→ **What is required**
The output must match the lines from the first line of the listing below through the line holding "② (지정좌석제 및 전자승차권" exactly and must contain no pictures.

→ **Task material**
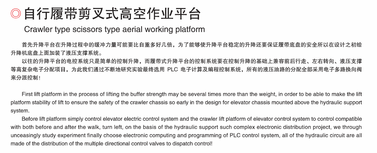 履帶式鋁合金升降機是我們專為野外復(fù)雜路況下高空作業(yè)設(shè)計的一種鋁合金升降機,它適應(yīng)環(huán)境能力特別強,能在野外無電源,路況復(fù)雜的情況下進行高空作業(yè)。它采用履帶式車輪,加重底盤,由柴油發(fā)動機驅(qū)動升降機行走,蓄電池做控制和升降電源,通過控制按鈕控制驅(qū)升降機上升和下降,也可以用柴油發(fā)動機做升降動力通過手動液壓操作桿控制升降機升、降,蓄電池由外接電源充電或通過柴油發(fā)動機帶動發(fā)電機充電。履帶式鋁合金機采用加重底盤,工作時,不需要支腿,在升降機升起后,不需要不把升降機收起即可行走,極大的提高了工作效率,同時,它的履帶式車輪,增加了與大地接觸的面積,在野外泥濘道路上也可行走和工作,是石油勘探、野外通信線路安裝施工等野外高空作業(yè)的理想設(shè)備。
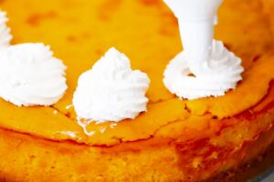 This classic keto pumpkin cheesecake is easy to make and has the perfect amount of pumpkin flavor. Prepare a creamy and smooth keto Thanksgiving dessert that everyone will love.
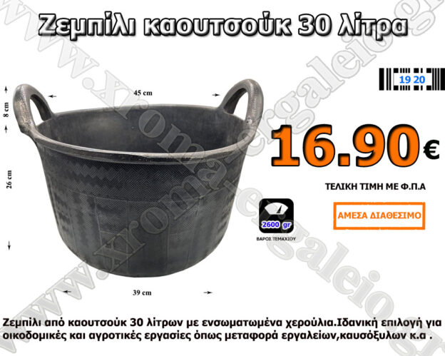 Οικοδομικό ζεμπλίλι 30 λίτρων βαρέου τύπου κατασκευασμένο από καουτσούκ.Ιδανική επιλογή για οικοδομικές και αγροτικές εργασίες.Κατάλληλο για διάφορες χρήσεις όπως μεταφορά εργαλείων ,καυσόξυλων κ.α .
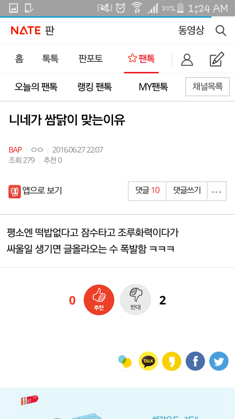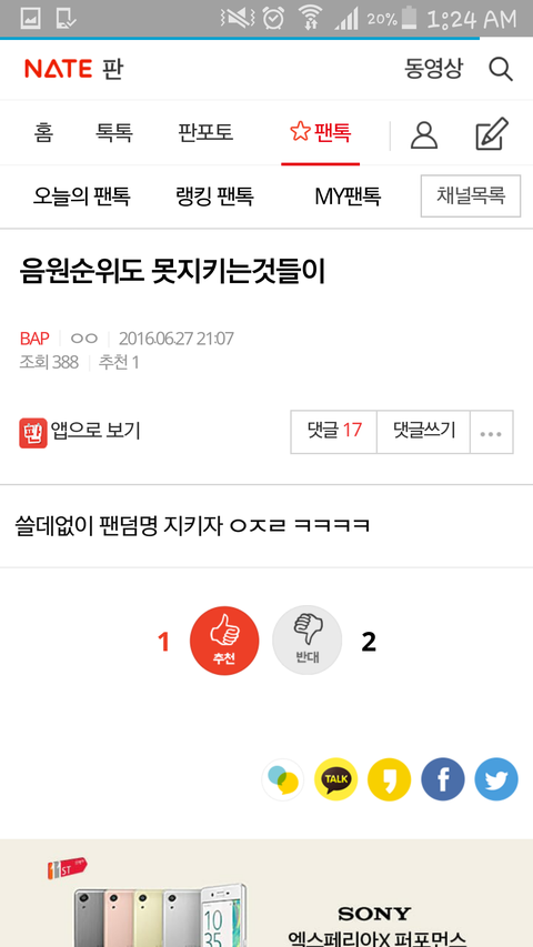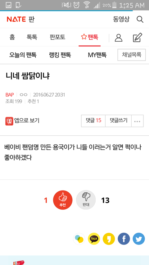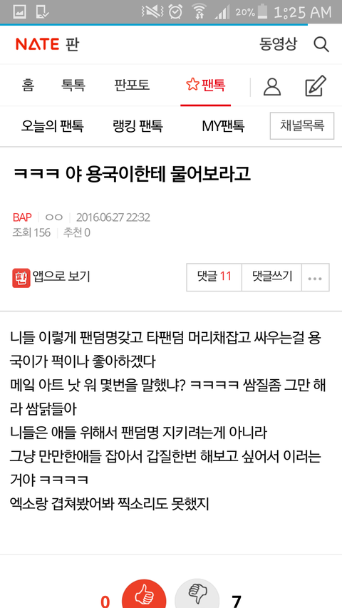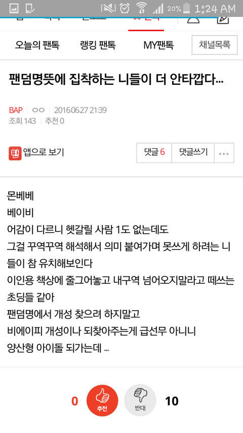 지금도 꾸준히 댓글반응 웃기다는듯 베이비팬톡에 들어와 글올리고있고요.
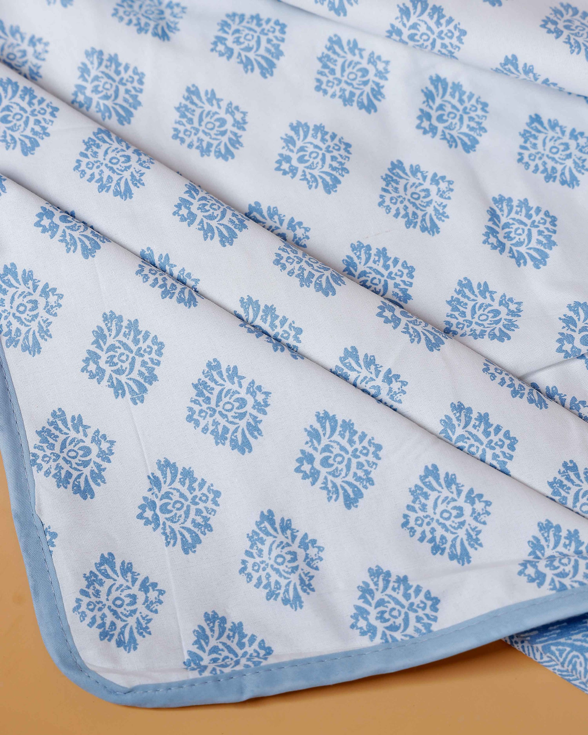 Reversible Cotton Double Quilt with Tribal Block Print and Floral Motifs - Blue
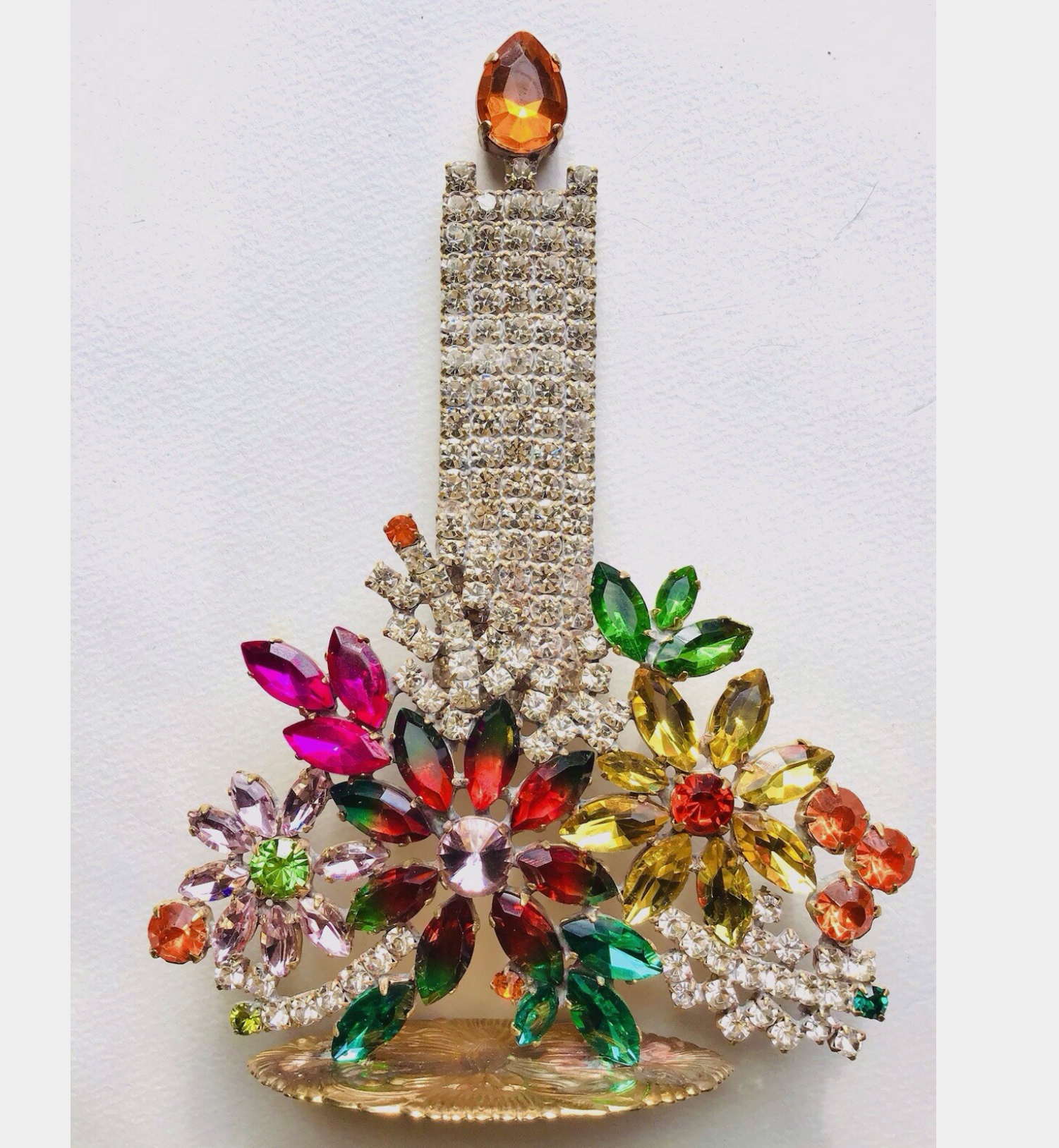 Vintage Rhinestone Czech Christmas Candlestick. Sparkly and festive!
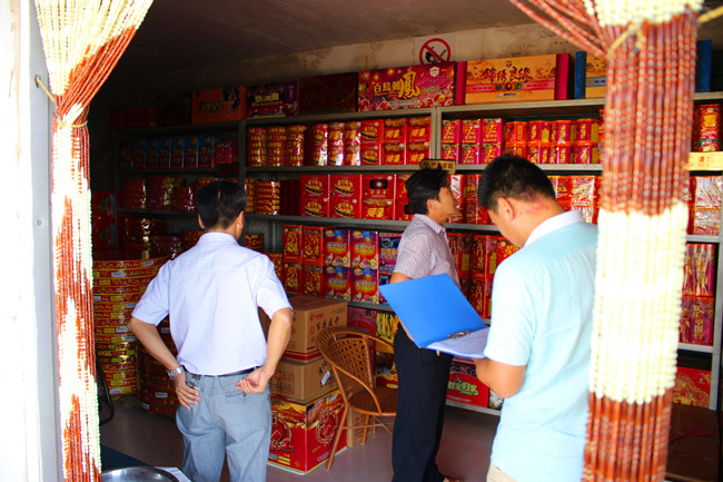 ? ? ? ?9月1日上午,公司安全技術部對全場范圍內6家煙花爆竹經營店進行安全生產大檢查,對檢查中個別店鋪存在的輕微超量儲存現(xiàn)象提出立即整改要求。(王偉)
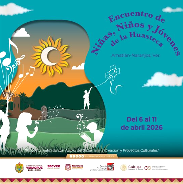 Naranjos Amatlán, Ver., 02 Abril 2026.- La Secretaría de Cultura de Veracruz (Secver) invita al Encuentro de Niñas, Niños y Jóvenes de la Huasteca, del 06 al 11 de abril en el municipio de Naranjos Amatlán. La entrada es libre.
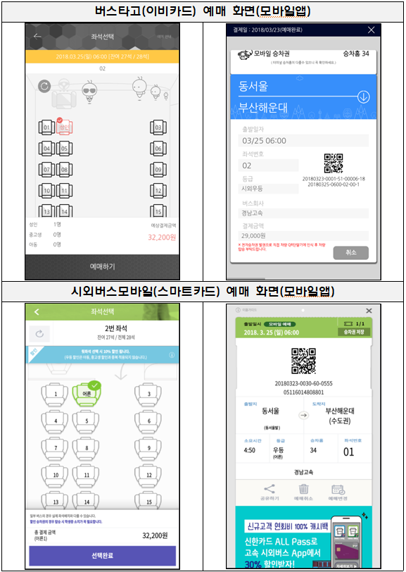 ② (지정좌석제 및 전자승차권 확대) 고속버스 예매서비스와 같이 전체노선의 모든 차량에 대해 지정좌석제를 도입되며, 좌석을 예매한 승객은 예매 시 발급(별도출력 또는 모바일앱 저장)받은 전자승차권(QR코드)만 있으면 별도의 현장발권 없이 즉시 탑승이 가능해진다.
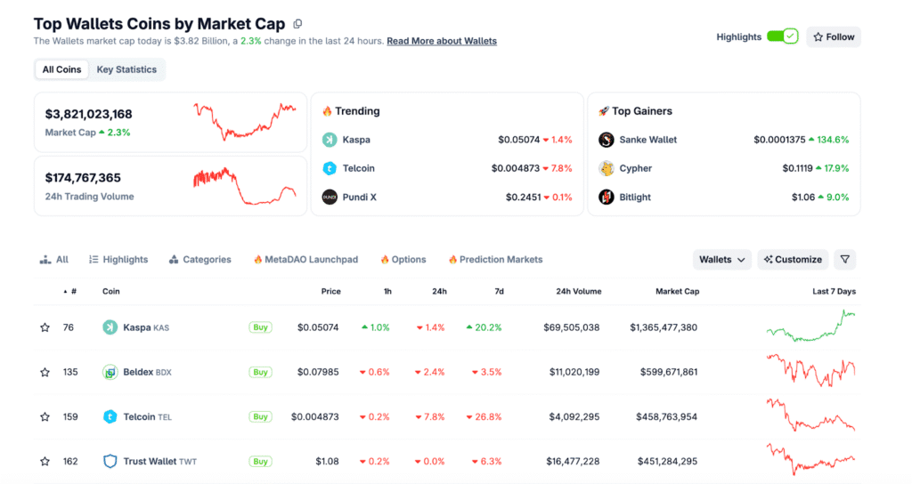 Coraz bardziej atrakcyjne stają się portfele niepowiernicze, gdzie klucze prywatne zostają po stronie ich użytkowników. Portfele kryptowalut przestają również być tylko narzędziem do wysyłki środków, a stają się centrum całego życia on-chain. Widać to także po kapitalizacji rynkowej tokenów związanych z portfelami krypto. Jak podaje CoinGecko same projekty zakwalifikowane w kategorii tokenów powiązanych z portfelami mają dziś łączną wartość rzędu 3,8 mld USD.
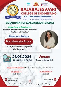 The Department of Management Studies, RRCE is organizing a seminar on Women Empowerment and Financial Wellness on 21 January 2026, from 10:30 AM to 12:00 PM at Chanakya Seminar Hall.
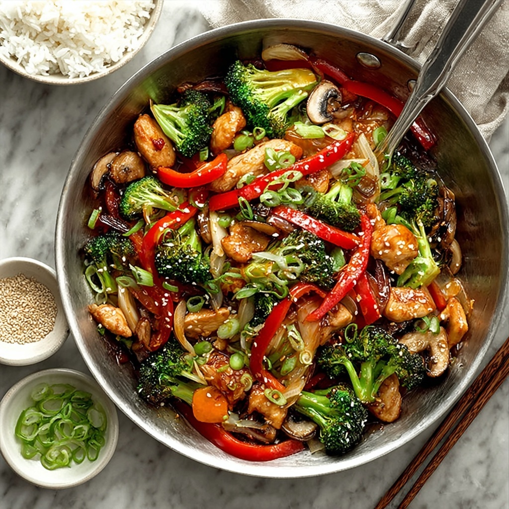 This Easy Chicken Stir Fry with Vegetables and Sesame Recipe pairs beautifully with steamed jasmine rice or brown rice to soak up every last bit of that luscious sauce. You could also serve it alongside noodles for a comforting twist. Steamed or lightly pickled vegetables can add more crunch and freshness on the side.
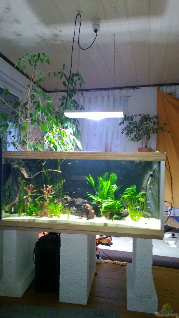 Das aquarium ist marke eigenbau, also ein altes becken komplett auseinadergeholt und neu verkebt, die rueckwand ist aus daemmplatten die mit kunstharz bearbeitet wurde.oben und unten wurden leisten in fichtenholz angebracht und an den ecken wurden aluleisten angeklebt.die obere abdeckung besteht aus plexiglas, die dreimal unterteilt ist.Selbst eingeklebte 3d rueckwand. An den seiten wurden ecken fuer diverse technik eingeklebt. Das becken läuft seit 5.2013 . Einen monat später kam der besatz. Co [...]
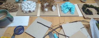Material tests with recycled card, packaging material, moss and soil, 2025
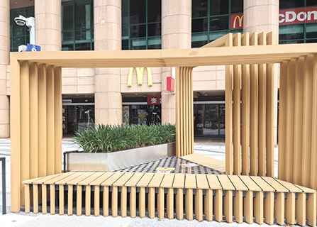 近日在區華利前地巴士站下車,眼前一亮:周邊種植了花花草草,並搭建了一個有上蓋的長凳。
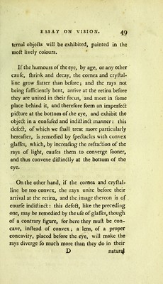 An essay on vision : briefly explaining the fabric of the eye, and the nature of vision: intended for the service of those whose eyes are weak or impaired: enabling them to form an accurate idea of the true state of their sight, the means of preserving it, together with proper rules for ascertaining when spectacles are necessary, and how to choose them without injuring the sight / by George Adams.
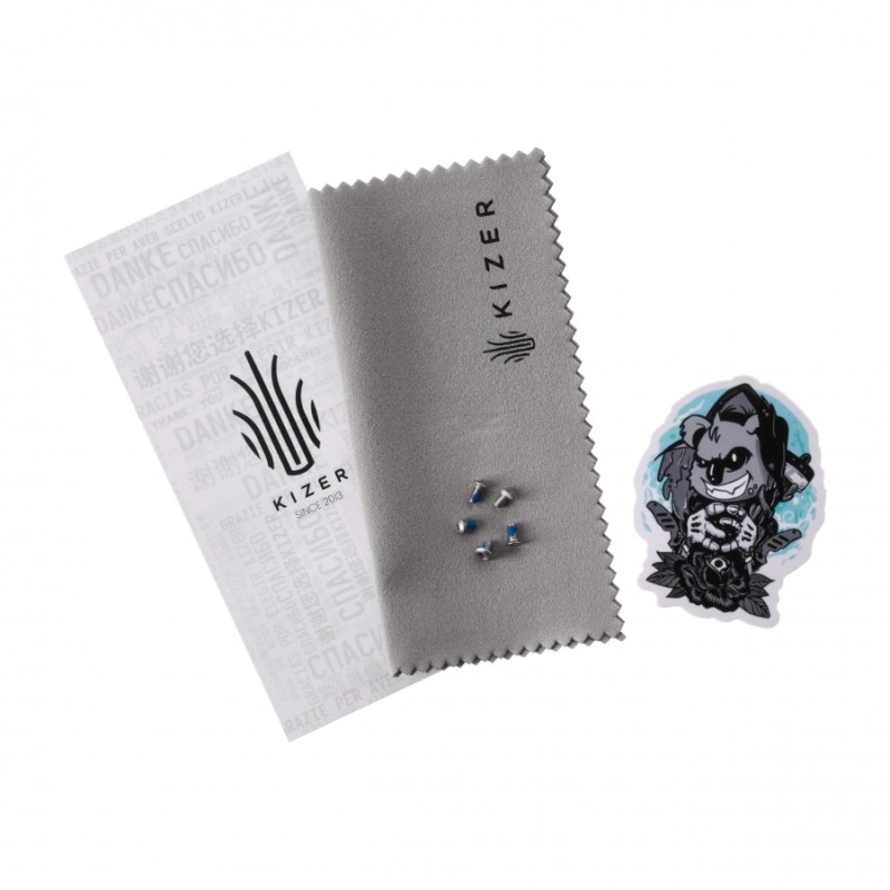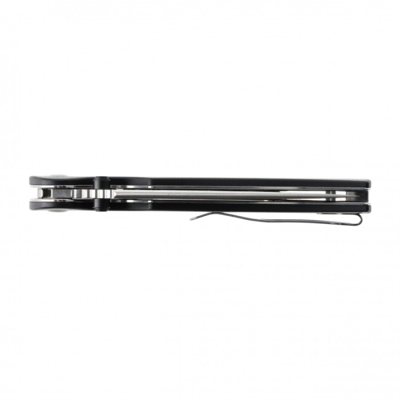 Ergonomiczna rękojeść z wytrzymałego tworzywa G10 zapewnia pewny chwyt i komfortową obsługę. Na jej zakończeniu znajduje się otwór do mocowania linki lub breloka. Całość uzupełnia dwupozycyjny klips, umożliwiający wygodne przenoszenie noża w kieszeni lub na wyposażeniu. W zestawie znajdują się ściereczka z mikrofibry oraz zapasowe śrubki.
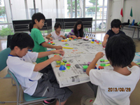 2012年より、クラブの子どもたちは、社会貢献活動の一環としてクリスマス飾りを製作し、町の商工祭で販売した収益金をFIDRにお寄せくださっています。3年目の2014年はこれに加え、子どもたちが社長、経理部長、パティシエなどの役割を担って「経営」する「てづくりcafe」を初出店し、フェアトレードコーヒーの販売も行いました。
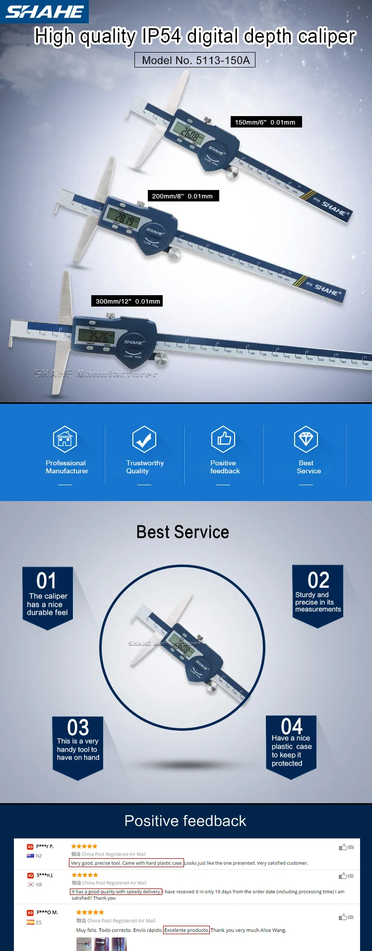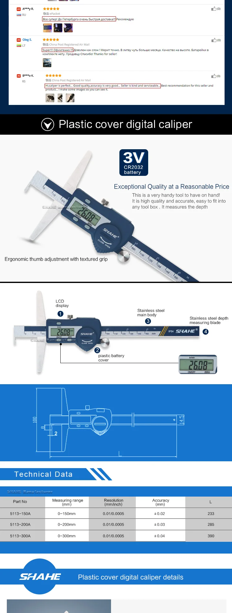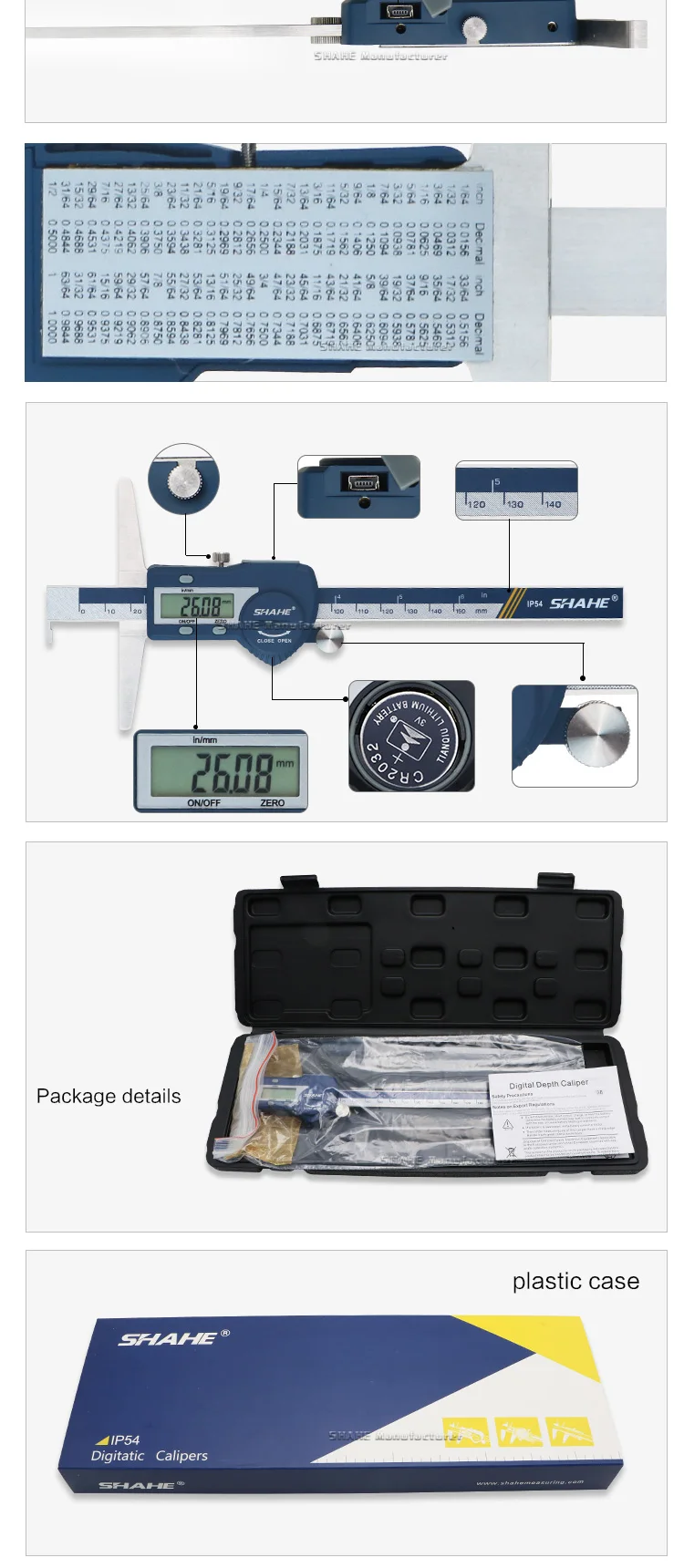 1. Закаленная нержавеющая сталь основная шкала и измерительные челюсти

→ **Written reply**
 履帶式鋁合金升降機是我們專為野外復(fù)雜路況下高空作業(yè)設(shè)計的一種鋁合金升降機,它適應(yīng)環(huán)境能力特別強,能在野外無電源,路況復(fù)雜的情況下進行高空作業(yè)。它采用履帶式車輪,加重底盤,由柴油發(fā)動機驅(qū)動升降機行走,蓄電池做控制和升降電源,通過控制按鈕控制驅(qū)升降機上升和下降,也可以用柴油發(fā)動機做升降動力通過手動液壓操作桿控制升降機升、降,蓄電池由外接電源充電或通過柴油發(fā)動機帶動發(fā)電機充電。履帶式鋁合金機采用加重底盤,工作時,不需要支腿,在升降機升起后,不需要不把升降機收起即可行走,極大的提高了工作效率,同時,它的履帶式車輪,增加了與大地接觸的面積,在野外泥濘道路上也可行走和工作,是石油勘探、野外通信線路安裝施工等野外高空作業(yè)的理想設(shè)備。
 This classic keto pumpkin cheesecake is easy to make and has the perfect amount of pumpkin flavor. Prepare a creamy and smooth keto Thanksgiving dessert that everyone will love.
 Οικοδομικό ζεμπλίλι 30 λίτρων βαρέου τύπου κατασκευασμένο από καουτσούκ.Ιδανική επιλογή για οικοδομικές και αγροτικές εργασίες.Κατάλληλο για διάφορες χρήσεις όπως μεταφορά εργαλείων ,καυσόξυλων κ.α .
 지금도 꾸준히 댓글반응 웃기다는듯 베이비팬톡에 들어와 글올리고있고요.
 Reversible Cotton Double Quilt with Tribal Block Print and Floral Motifs - Blue
 Vintage Rhinestone Czech Christmas Candlestick. Sparkly and festive!
 ? ? ? ?9月1日上午,公司安全技術部對全場范圍內6家煙花爆竹經營店進行安全生產大檢查,對檢查中個別店鋪存在的輕微超量儲存現(xiàn)象提出立即整改要求。(王偉)
 Naranjos Amatlán, Ver., 02 Abril 2026.- La Secretaría de Cultura de Veracruz (Secver) invita al Encuentro de Niñas, Niños y Jóvenes de la Huasteca, del 06 al 11 de abril en el municipio de Naranjos Amatlán. La entrada es libre.
 ② (지정좌석제 및 전자승차권 확대) 고속버스 예매서비스와 같이 전체노선의 모든 차량에 대해 지정좌석제를 도입되며, 좌석을 예매한 승객은 예매 시 발급(별도출력 또는 모바일앱 저장)받은 전자승차권(QR코드)만 있으면 별도의 현장발권 없이 즉시 탑승이 가능해진다.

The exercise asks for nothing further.